**WORK REQUEST**
Your copy starts at the line containing "Asayiş Şube Müdürlüğü" and ends at the last line of the material below. Reproduce those lines exactly, with no pictures.

**DATA**
**********

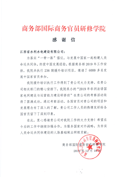 人力資源2019年,公司圍繞國(guó)家和我省“走出去”戰(zhàn)略,積極配合商務(wù)部及省內(nèi)援外培訓(xùn)工作,得到各方認(rèn)可。近日,公司收到來(lái)自商務(wù)部國(guó)際商務(wù)官員研修學(xué)院的感謝信,信中提到,商務(wù)部研修學(xué)院援外培訓(xùn)工作得到我公司的大力支持,“2019年非洲法語(yǔ)國(guó)家電網(wǎng)建設(shè)與運(yùn)營(yíng)能力建設(shè)研修班”考察、交流活動(dòng)取得圓滿成功,對(duì)公司的積極配合表示衷心感謝。
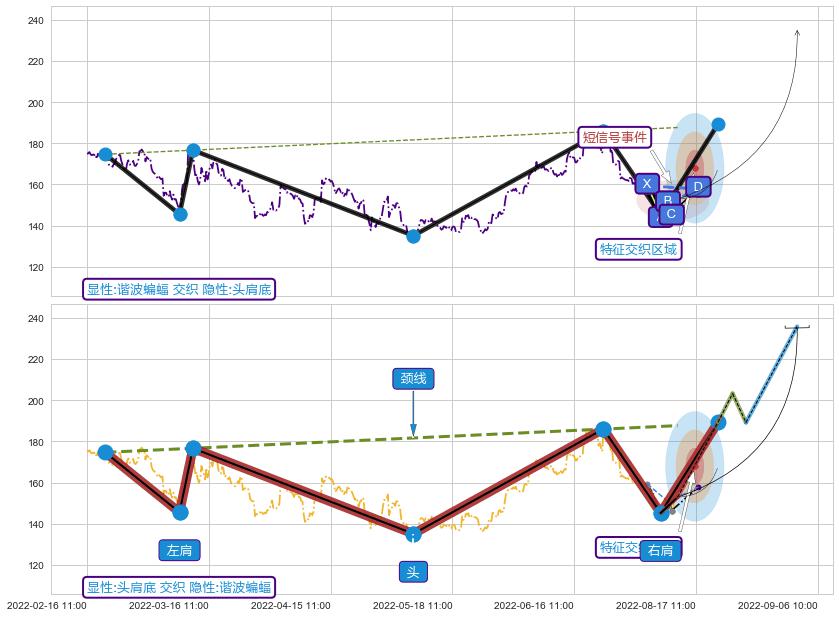 ➢ 谐波蝙蝠属【短级别信号事件】头肩底属【长级别信号事件】长短周期组合信号事件, 短长事件长度比5.50%
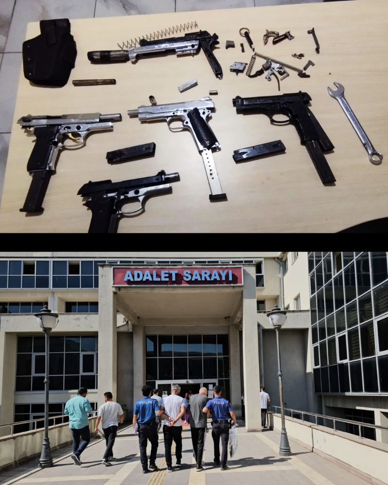 Asayiş Şube Müdürlüğü ekiplerince yapılan takip sonucunda, hırsızlık başta olmak üzere çeşitli suçlardan aranan Ö.Ö ve A.S.D.’nin birlikte kaldıkları ev belirlendi. Adrese düzenlenen operasyonla iki şüpheli yakalanarak gözaltına alındı. Yapılan ev aramasında ise suç işlerken kullandıkları 4 adet ruhsatsız tabanca ve tabanca parçalar ele geçirildi. Çok sayıda suç kayıtları bulunan şüpheli Ö.Ö. ve A.S.D. emniyetteki işlemlerinin ardından sevk edildikleri mahkemece tutuklandı.
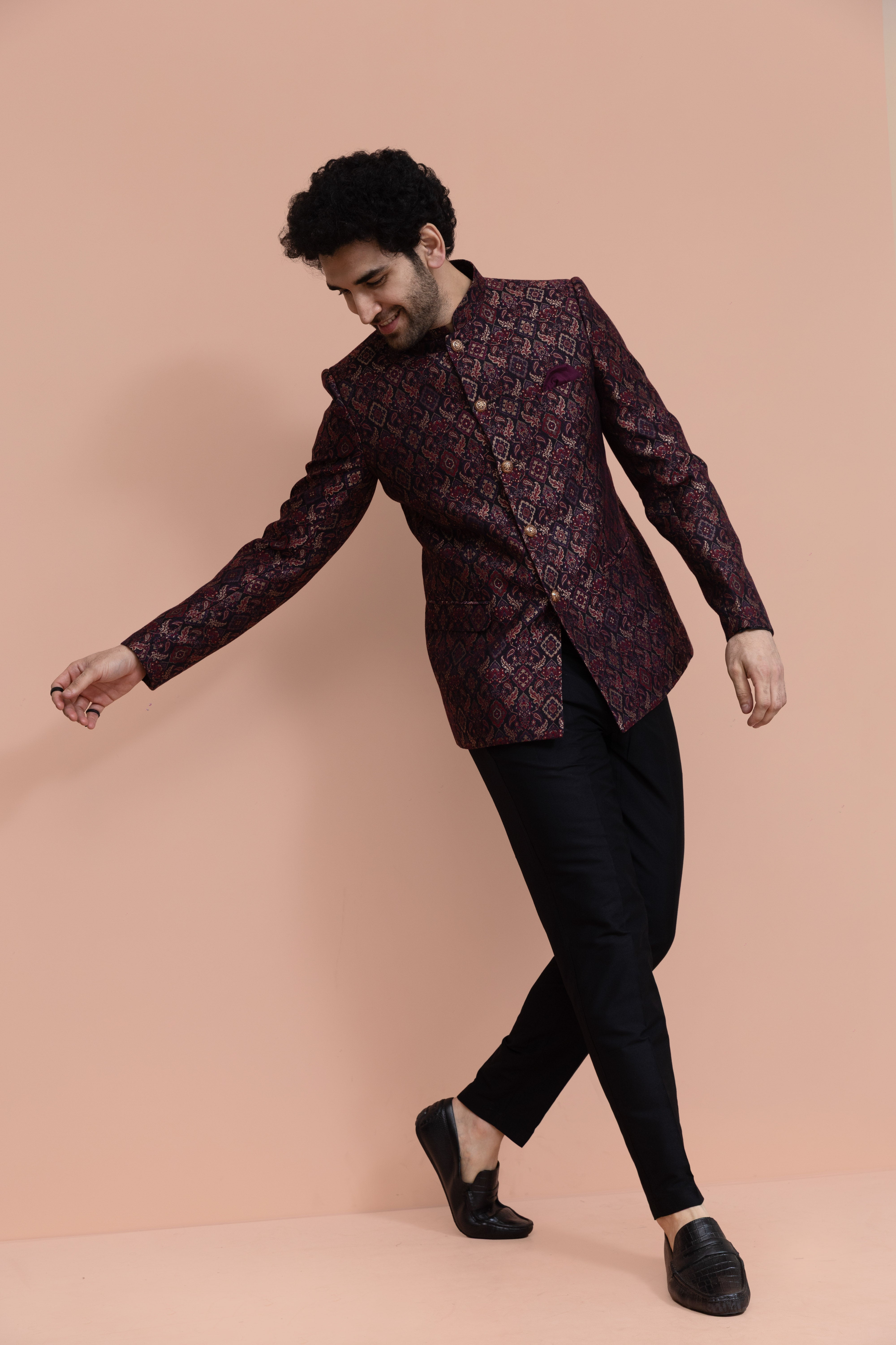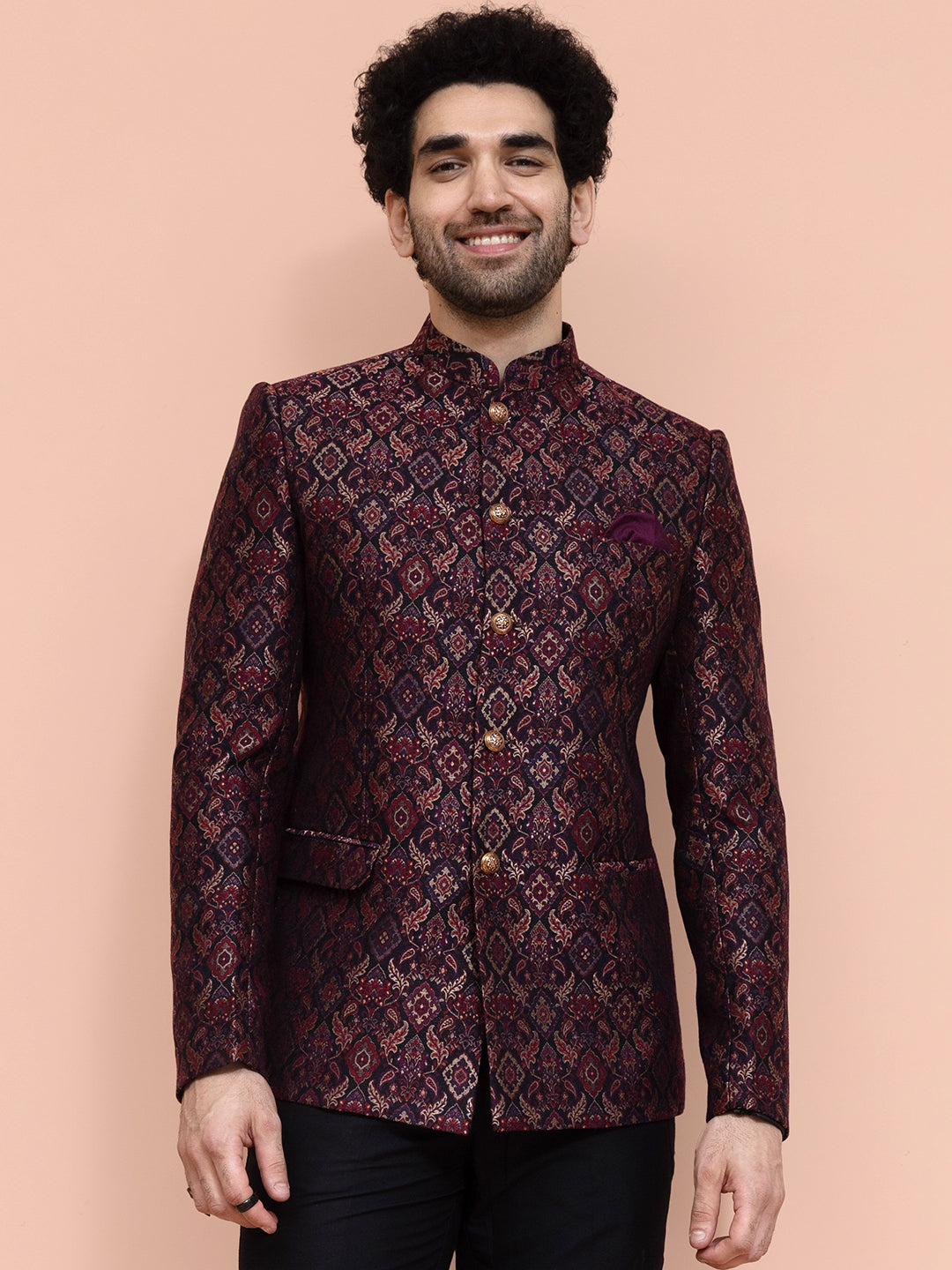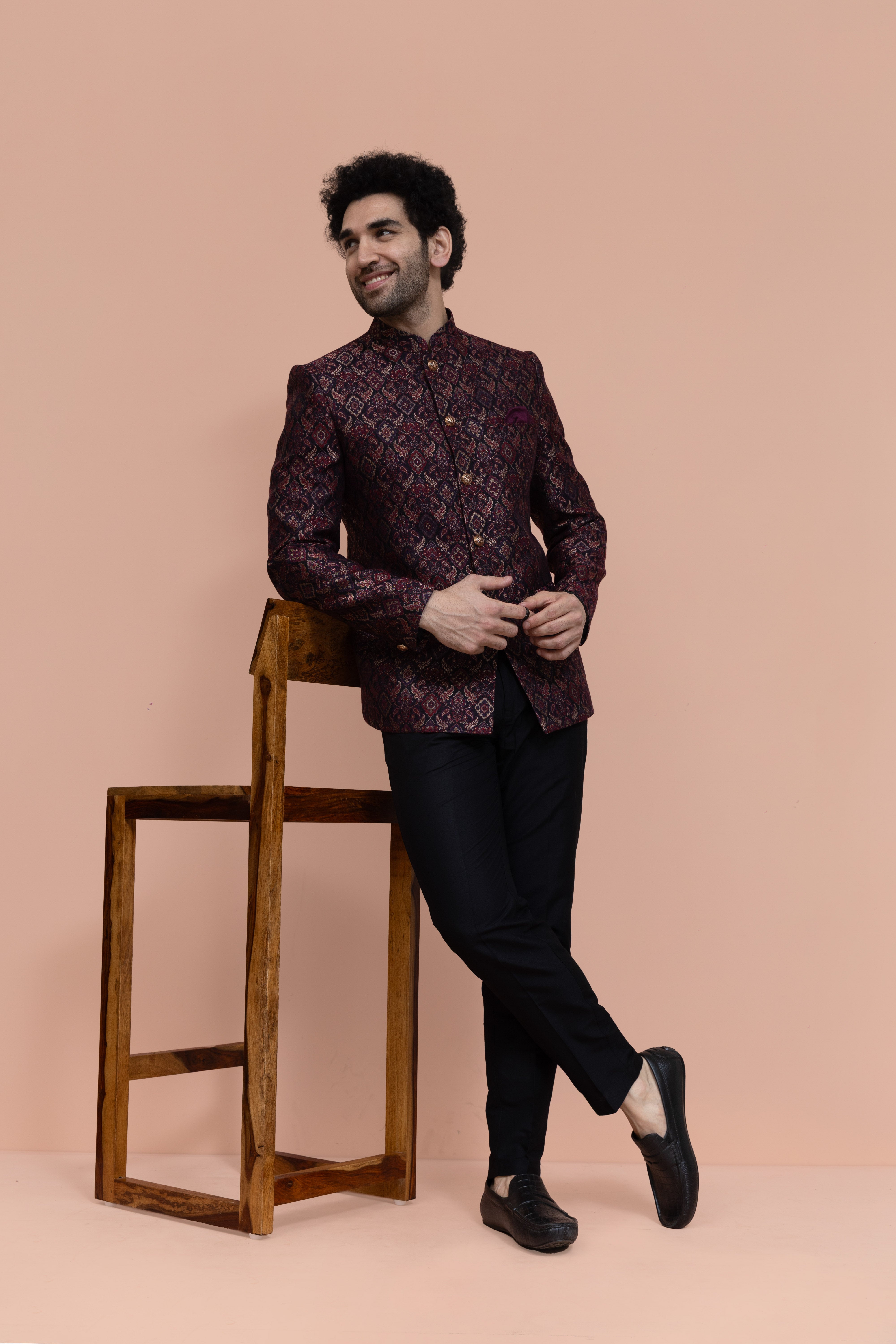 Make an unforgettable moment with this Maroon Woven Design Jodhpuri Bandhgala, designed to bring elegance and charm to every celebration. The rich Jacquard fabric adds Ethnic Motifs and depth, while the expertly tailored fit ensures a sharp, comfortable look. Whether it’s a wedding, festive gathering, or cultural event, this ensemble blends tradition with a modern edge, refined yet effortlessly stylish.

**********

**ANSWER BOX**
 Asayiş Şube Müdürlüğü ekiplerince yapılan takip sonucunda, hırsızlık başta olmak üzere çeşitli suçlardan aranan Ö.Ö ve A.S.D.’nin birlikte kaldıkları ev belirlendi. Adrese düzenlenen operasyonla iki şüpheli yakalanarak gözaltına alındı. Yapılan ev aramasında ise suç işlerken kullandıkları 4 adet ruhsatsız tabanca ve tabanca parçalar ele geçirildi. Çok sayıda suç kayıtları bulunan şüpheli Ö.Ö. ve A.S.D. emniyetteki işlemlerinin ardından sevk edildikleri mahkemece tutuklandı.
 Make an unforgettable moment with this Maroon Woven Design Jodhpuri Bandhgala, designed to bring elegance and charm to every celebration. The rich Jacquard fabric adds Ethnic Motifs and depth, while the expertly tailored fit ensures a sharp, comfortable look. Whether it’s a wedding, festive gathering, or cultural event, this ensemble blends tradition with a modern edge, refined yet effortlessly stylish.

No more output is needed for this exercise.